The teaching staff is the prime resource of the Department. They are encouraged to improve their teaching and research skills, to be active in teaching in industry to remain current, and to contribute to departmental administration and community service. The participation of contracted-in industry experts as part-time lecturers forms a very important part of our education strategy. The involvement of several guest lecturers on an ongoing basis keeps us in touch with industry needs. The quest remains to develop each staff member into an internationally recognized engineer and scholar.

The Department of Mining Engineering of the University of Pretoria has gone through a major revamping exercise in terms of our professional image, which was well received by all in the Department and the industry as a whole. We have also embarked on a new innovative teaching and learning strategy for our third- and fourth-year students.

It was also in 2010 that all our final-year students, through sponsored support by the Department, started doing psychometric tests such as the Hermann Brain Dominance Instrument (HBDI), Shadow Match, DISC, and Myers Briggs evaluation as part of the process of understanding their own learning and thinking preferences. This is a major contribution to all our final-year students' lives and we envisage that this will remain part and parcel of our curriculum. Mentorship and coaching now form a very large part of the fourth-year academic programme. The introduction of clickers (a radio frequency-based interactive answering tool) for students has also added a new dimension in terms of lecturers proactively knowing what students know or don't know on a real-time basis.

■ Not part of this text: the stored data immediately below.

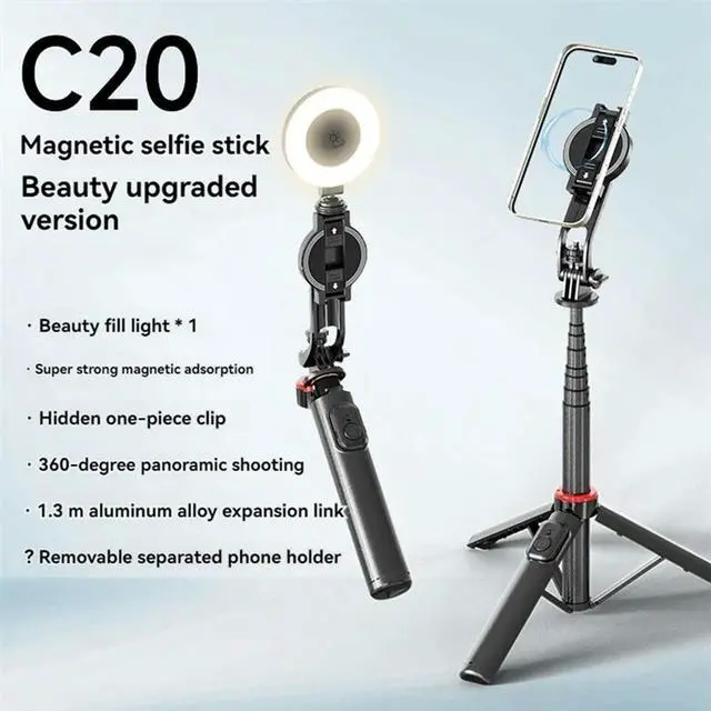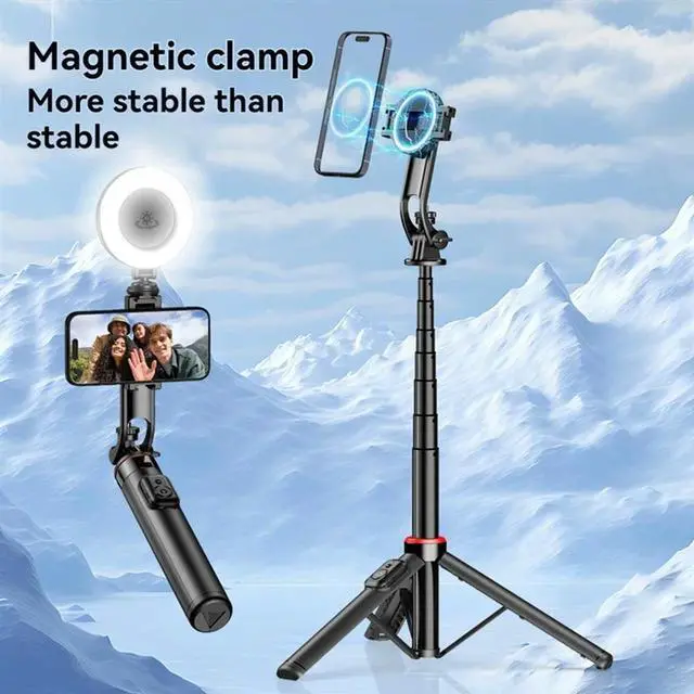 • Workmanshipp-Selfie Stick Extendable Cell Phone Tripod With Wireless Remote Tripod Stand Mini Fill Light Telescopic P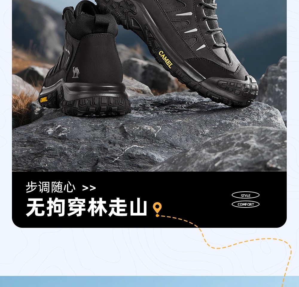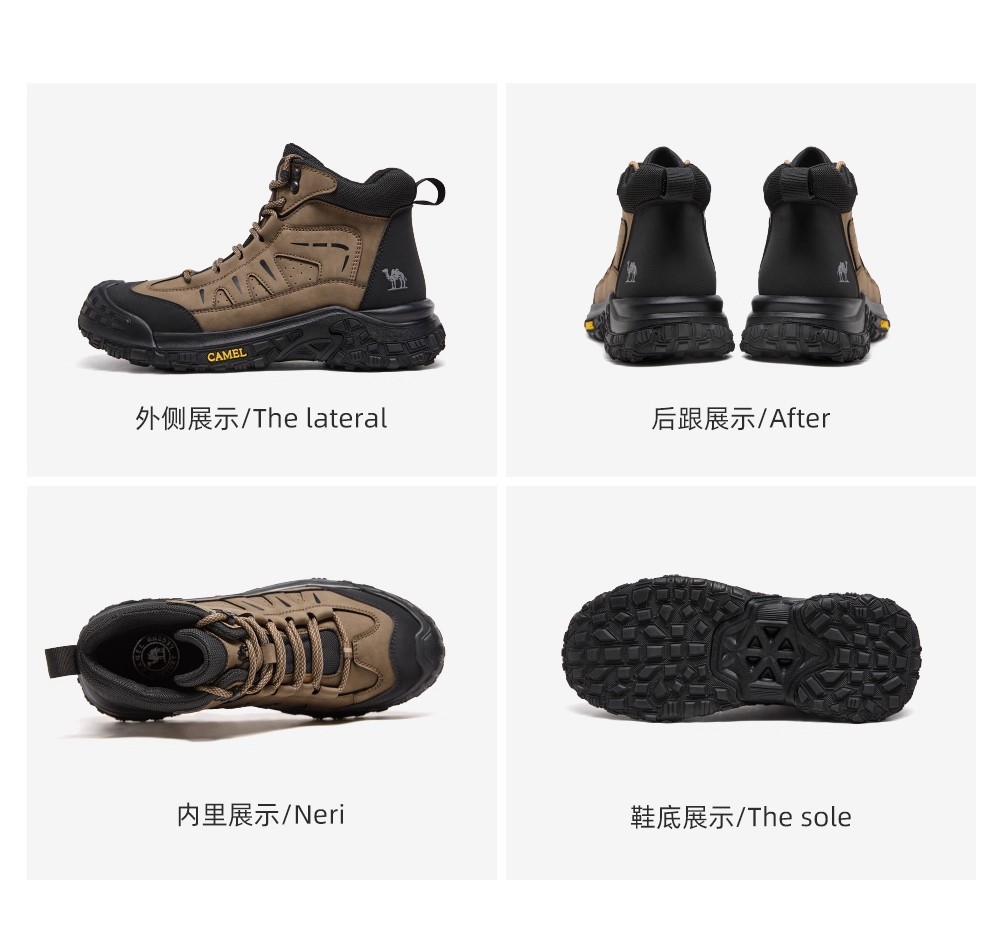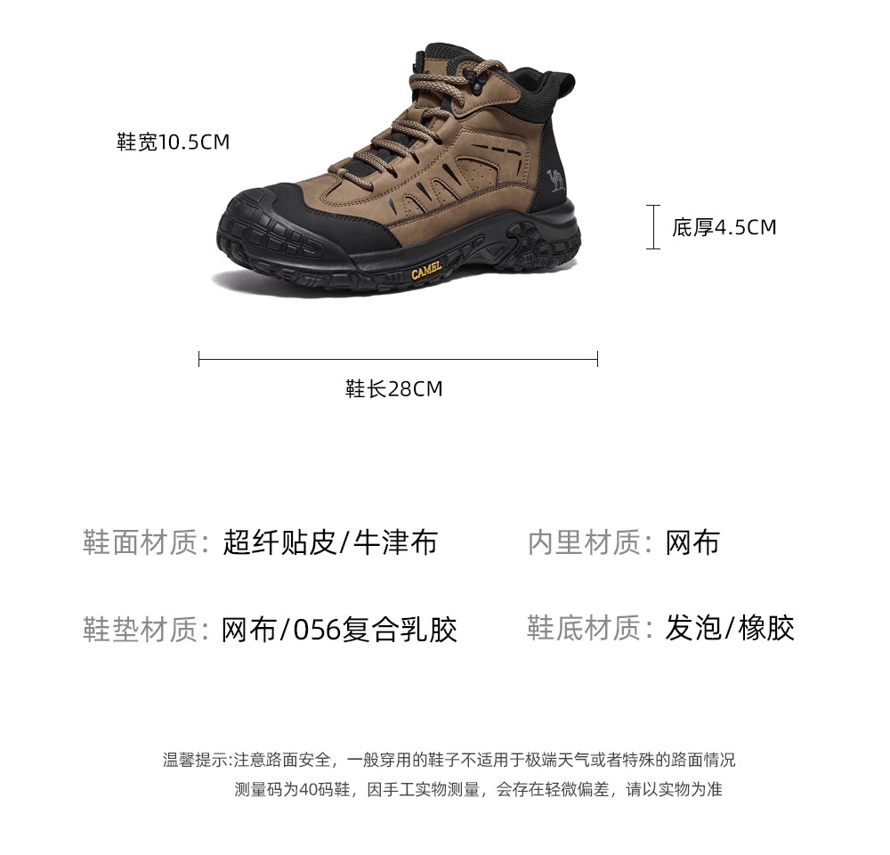 Camel Men's High-Top Shoes 2025 Winter New Style Fleece-Lined Non-Slip Outdoor Hiking Shoes Wear-Resistant Sports Shoes for Men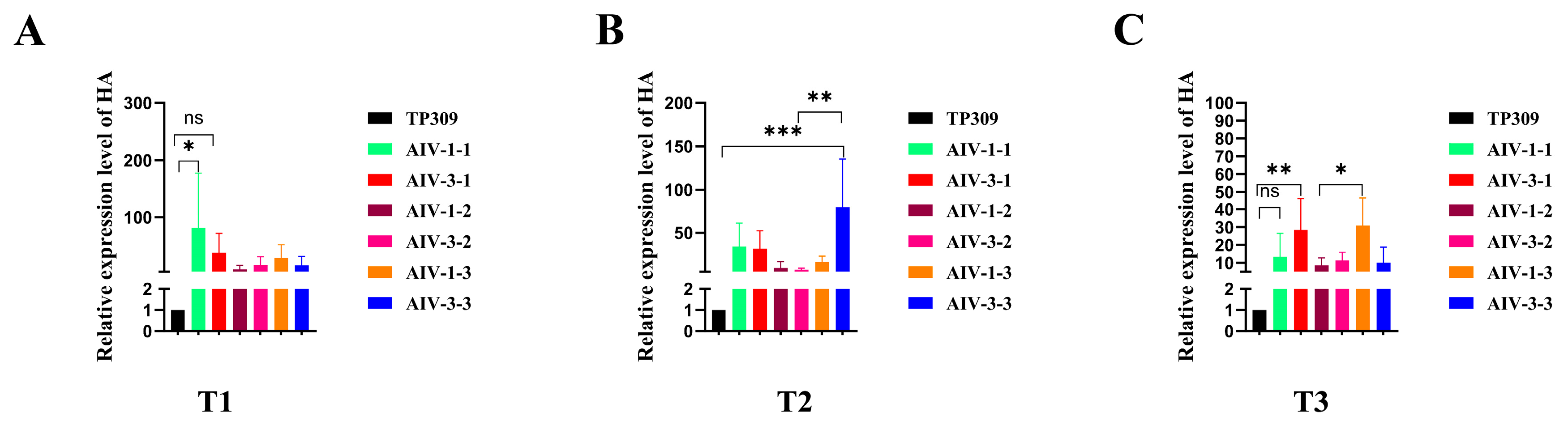 3.1. Stable Expression of Ha Antigen in Different Generations of Rice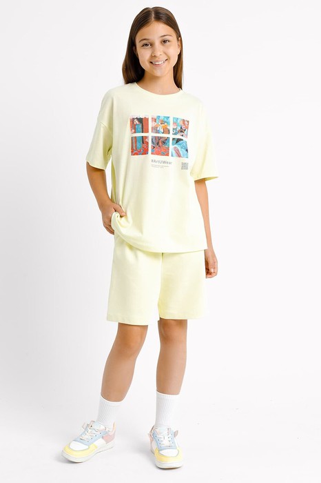 Шорты свободного силуэта для девочек. Выполнены из футера – мягкого, гигроскопичного и неприхотливого трикотажного полотна. Футер тонкий, без подчеса. Длина до колена. Боковые карманы добавляют практичности. Регулировать ширину по талии можно с помощью шнурка-завязки.
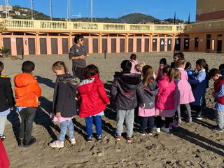 La scuola dell'infanzia di Piazza Roma dell'Istituto 'Littardi' a Imperia ha organizzato oggi una vera e propria lezione in riva al mare itinerante per le spiagge della nostra bellissima Borgo Marina.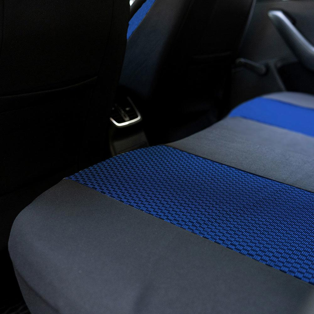 Huse din material textil dublu laminat similar cu tapiteriile originale, cu insertii de piele ecologica si ambele fete dublate cu burete (grosime 5mm);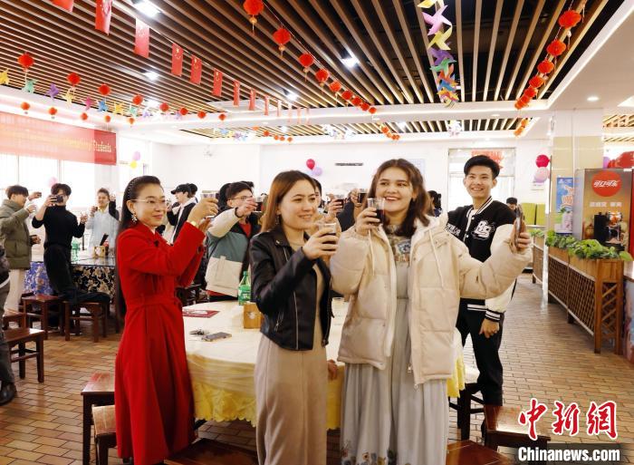 2月9日,来自越南、泰国、埃及、俄罗斯等16个国家的166名外籍教师、来华留学生在欧冠官方网站欢聚一堂,共品年夜饭。潘悦凝 摄

The introduction of discussion rooms has created a real multimedia interactive academic environment for our students. We are also the only engineering department with an employee doing instructional design of all our mining lecture material on a full-time basis, sponsored annually by SACMA. The main goal is to have all the mining modules instructionally designed and ready for the ECSA accreditation visit in September 2012. We will be the only mining department in the world that I am aware of that will offer instructionally designed material for all our mining-related subjects, including non-technical skills (soft skills) as part and parcel of every mining module in the fourth year of studies. In this way we enhance the learning experience for all our students.

We upgraded our computer facilities and now have our own mining IT Lab for use by our students. We are one of only a few engineering departments that have an active bulk SMS system available to communicate with our students. We have one of the most active student societies, the Tuks Mining Society which has its own developed student website on campus.

I want to congratulate and thank all who have helped in developing this Department to the next level of academic excellence. We do, however, have some challenges which we are dealing with, but with the quality of staff that we now have on board, I believe we can take care of any challenge. Key issues in developing good-quality mining engineers are discipline (including time management guidelines), passion and enthusiasm for the discipline, and coachability. Primarily, we have to ensure that the standard (quality) of the programme that we offer is not compromised in any way. This is what Tuks Mining stands for! We owe it to our alumni and the future generation of mining engineers that will be educated in this Department.

Mining is a great career, and we have several testimonies from our alumni. Our students have chosen an excellent career and it is therefore a real privilege for me, as Head of Department, to be part of this very prestigious branch of engineering. May the Department be alive and kicking when we celebrate its 100th anniversary in 2061.